About me
I am now a Postdoctoral Fellow in the Department of Statistics at Harvard University, under the supervision of Prof. Zheng (Tracy) Ke. I obtained my Ph.D. degree in Statistics at UC Davis, where I was fortunate to be co-advised by Prof. Krishna Balasubramanian and Prof. Wolfgang Polonik. Before coming to UC Davis, I received my Bachelor’s degree in Math at Fudan University, where I was advised by Prof. Lei Shi.
My current research lies at the intersection of three domains: Statistics/Applied Probability, Computer Science, and applications in Economics, Biostatistics, and Casual inference. To be precise, I am interested in the following problems:
- Statistical foundations for learning theories: Focus on generalization, transferability, and interpretability of deep learning and machine learning via principled statistical frameworks.

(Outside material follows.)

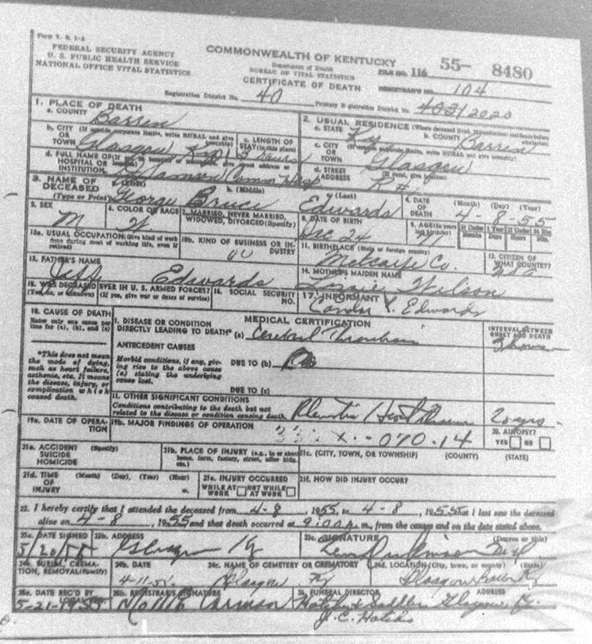 | Edwards, Edward S | Barren | 01/11/1919 | ||
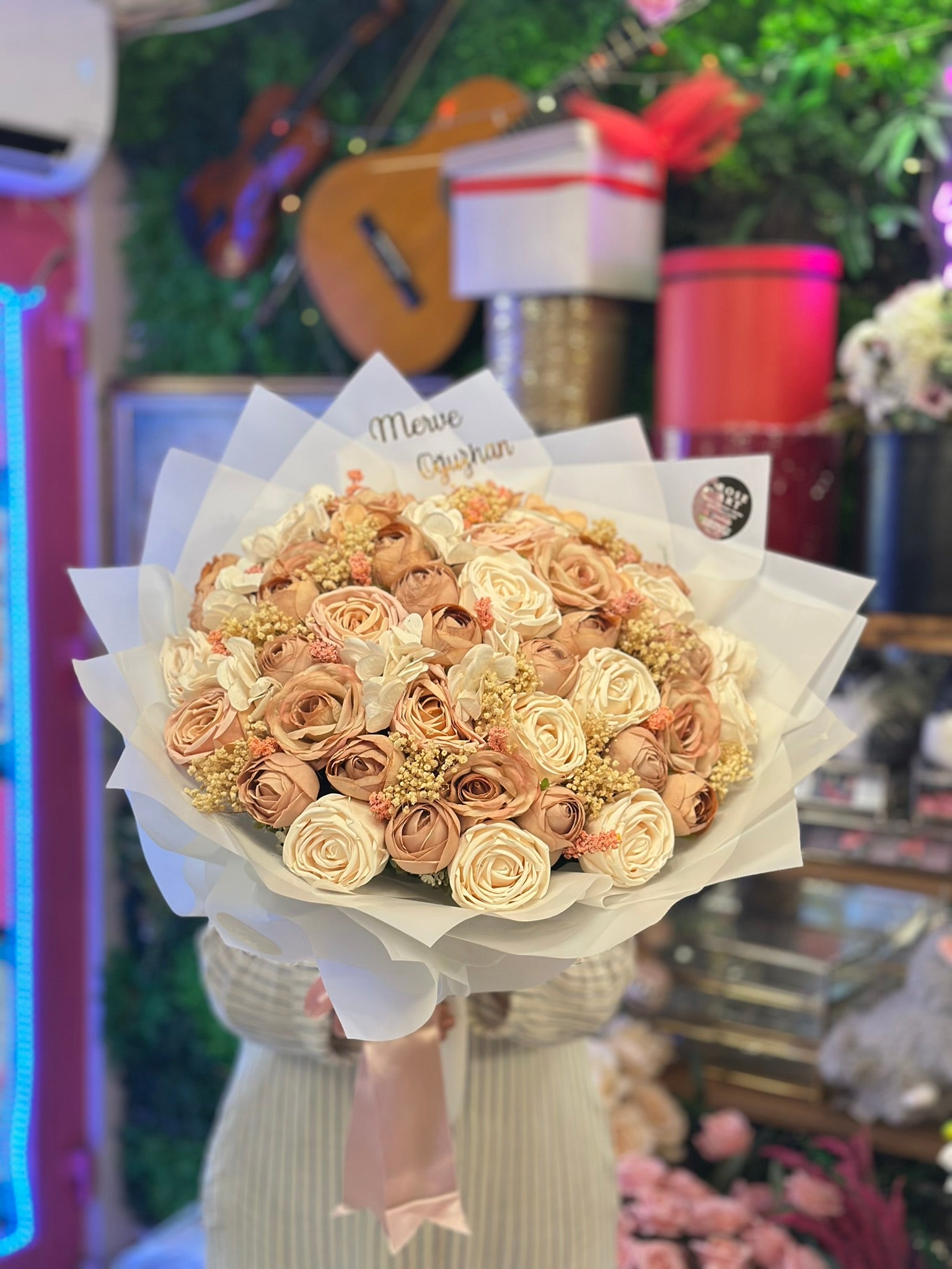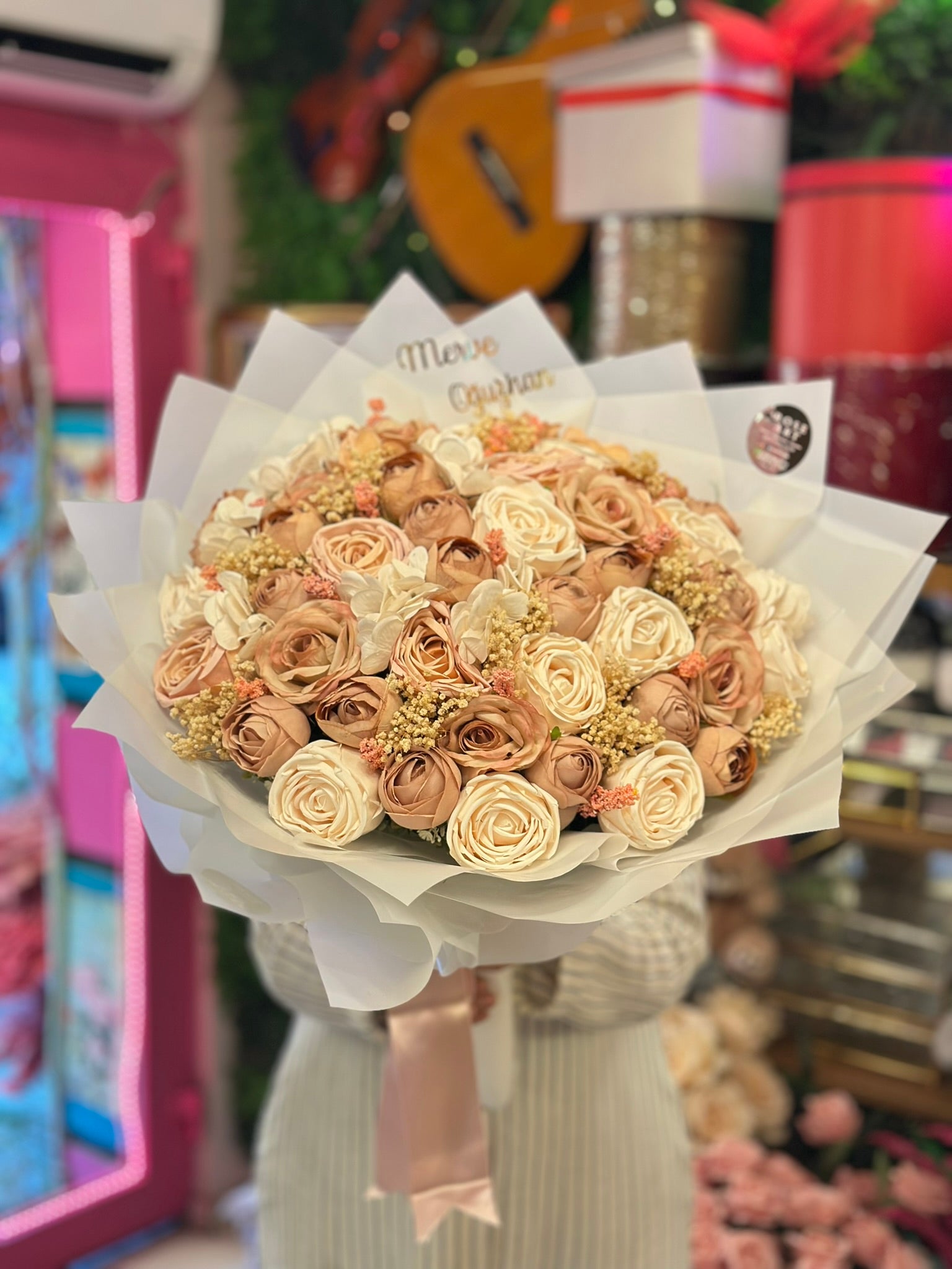 Romantizmin ve zarafetin en yumuşak tonlarıyla hazırlanmış bu pembe-krem sabun gül buketi, özel günlerinize kalıcılık ve zarafet katmak için tasarlandı.

- Uncertainty quantification in Biostatistics, Market Analysis, and Causal Inference related problems.
I have been trained in normal approximation of geometric and topological statistics, nonparametric statistical learning and network analysis as Ph.D. and Postdoctoral fellow.
Recent News
- I will give a talk titled `On the nonasymptotic statistical inferences via stabilization theory of Gaussian approximation bounds’ at the 22nd INFORMS Applied Probability Society Conference at Georgia Institute of Technology from June 30th to July 3rd, 2025.
- Our recent work Gaussian and Bootstrap Approximation for Matching-based Average Treatment Effect Estimators is now avaible on Arxiv! Taking ATE as an example, we provide a general framework for non-asymptotic statistical inference via a local geometric concept called `stabilization’.
- I joined the Department of Statistics, Harvard University, on September 1, 2024, as a Postdoctoral Fellow.